Jura Soyfer was born in Kharkov in the Russian Empire as the son of the Jewish industrialist Vladimir Soyfer and his wife Lyubow Soyfer. In 1920 the family fled from the Bolshevik Revolution via Georgia and Constantinople and came to Baden near Vienna in 1921 , from where they later moved to Vienna. Jura Soyfer started school at the age of ten at the Hagenmüllergasse secondary school , Erdberg, where he later successfully graduated. At the age of 15 he began to study socialist scriptures and became a staunch Marxist . In 1927 he joined the Association of Socialist Middle School Students and worked in the agitprop group "Blue Blouses". Since Russian, French and German were spoken in the family, Soyfer quickly developed a feeling for and a preference for language and language games. In 1929 he became a member of the Political Cabaret of the Social Democrats . There he gained his first experience in scenic writing. From December 1931, political satires by Soyfer appeared weekly in the Arbeiter-Zeitung and in the social-democratic weekly Der Kuckuck . He also wrote two articles for the political stage . In it he called for a politicization of the theater and the abolition of mere distraction and entertainment. In this respect, he was the epic theater of Bertolt Brecht very close.

After the February fighting in 1934 he joined the illegal KPÖ , wrote leaflets and began work on his novel So died a party . This novel, of which only a fragment has been preserved, was a settlement with the Austrian Social Democrats, whose policies led to the defeat of February 1934. In 1935, Soyfer met Leon Askin (Leo Askenasy) through Hans Weigel , who worked as an actor and director at Vienna's ABC Theater , where most of Soyfer's plays were performed.

Gravestone in the Hebrew Free Burial Association's Mount Richmond Cemetery, Staten Island , New York

In 1937 Soyfer was arrested because he was mistaken for a certain Seidel (actually Franz Marek , leading functionary of the Communist Party). When it turned out that there was enough incriminating material against Soyfer even with his critical pieces, he was imprisoned for three months. On February 17, 1938, he was released as part of an amnesty for "political" people. He was then free for 26 days. On March 13, 1938 - the day after the Anschluss - he was arrested by Austrian officials in Gargellen while trying to get to the saving Switzerland on skis.

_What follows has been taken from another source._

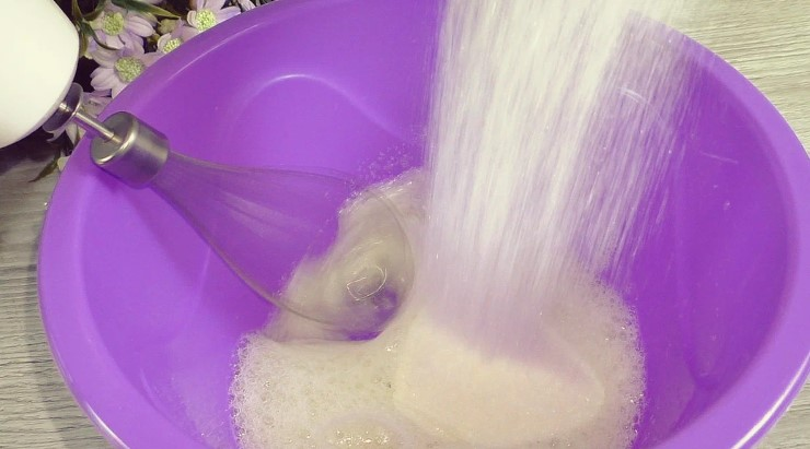 Тим часом збиваю білки з цукром, щойно цукор розчинився, готово, до піків не збиваю.
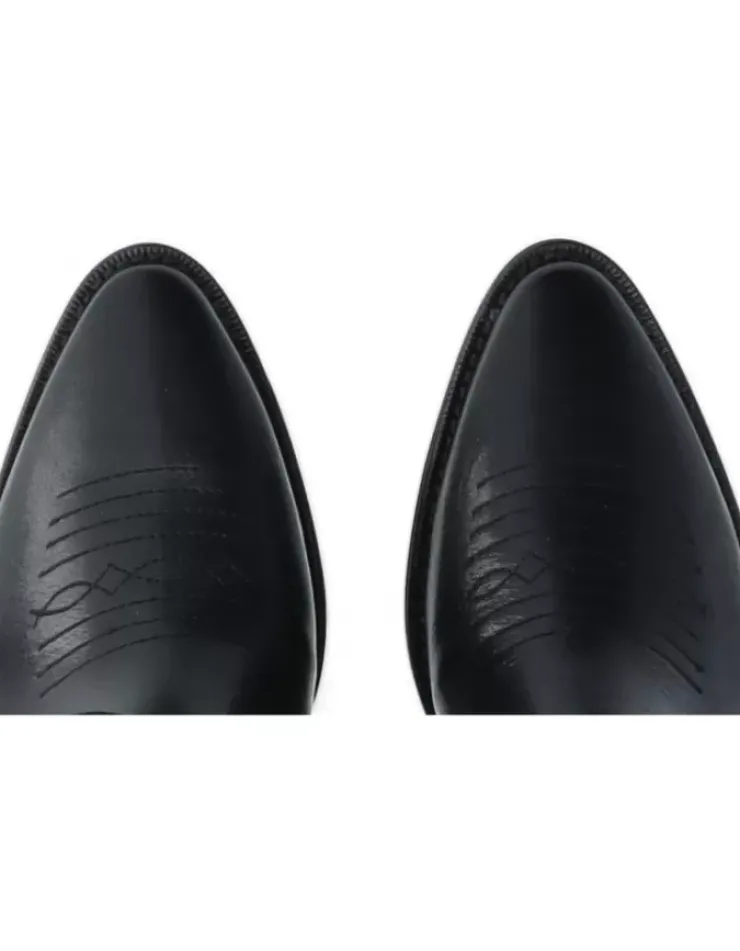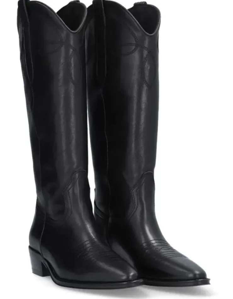 Bota Para Mujer Alpe Cecile, Fabricada En Piel (Sagar) De Color Negro Con Tacon De 4 Cm, Suela Antideslizante Y Puntera Afilada, Sin Cierre Y Cana Alta.

First he came to the community kotter in St. Gallenkirch in the Bludenz district . On March 16, 1938, he was brought before the Feldkirch Regional Court , which was only sworn in on Hitler on March 18, 1938 . On June 23, 1938, he was transported to Dachau concentration camp , and in autumn to Buchenwald concentration camp ; there he died of typhus on February 16, 1939 . At that time, his parents who had emigrated to the United States had already sent an affidavit and his concentration camp release papers had been signed. His remains were transferred to New York and buried on Staten Island by the HFBA .

plant

From the beginning of 1932 to 1934, Soyfer regularly published poems in the Arbeiter-Zeitung (AZ) that dealt with the current political situation. After his trip to Germany in the summer of 1932 he wrote again and again against National Socialism, whereby his poetry represented both a call for vigilance and resistance as well as satire and trivialization of the political opponent. After the establishment of the corporate state in 1934, Soyfer found it difficult to publish; not until 1935 did he write again for the Sunday edition of Wiener Tag . Furthermore, some songs and poems are integrated into his pieces; these include, among others, the Moritat im Paradies in Der Lechner Edi looks ins Paradies (1936), the Vagabundenlied in Astoria or the Ballad der Drei in Broadway Melodie 1492 (1937).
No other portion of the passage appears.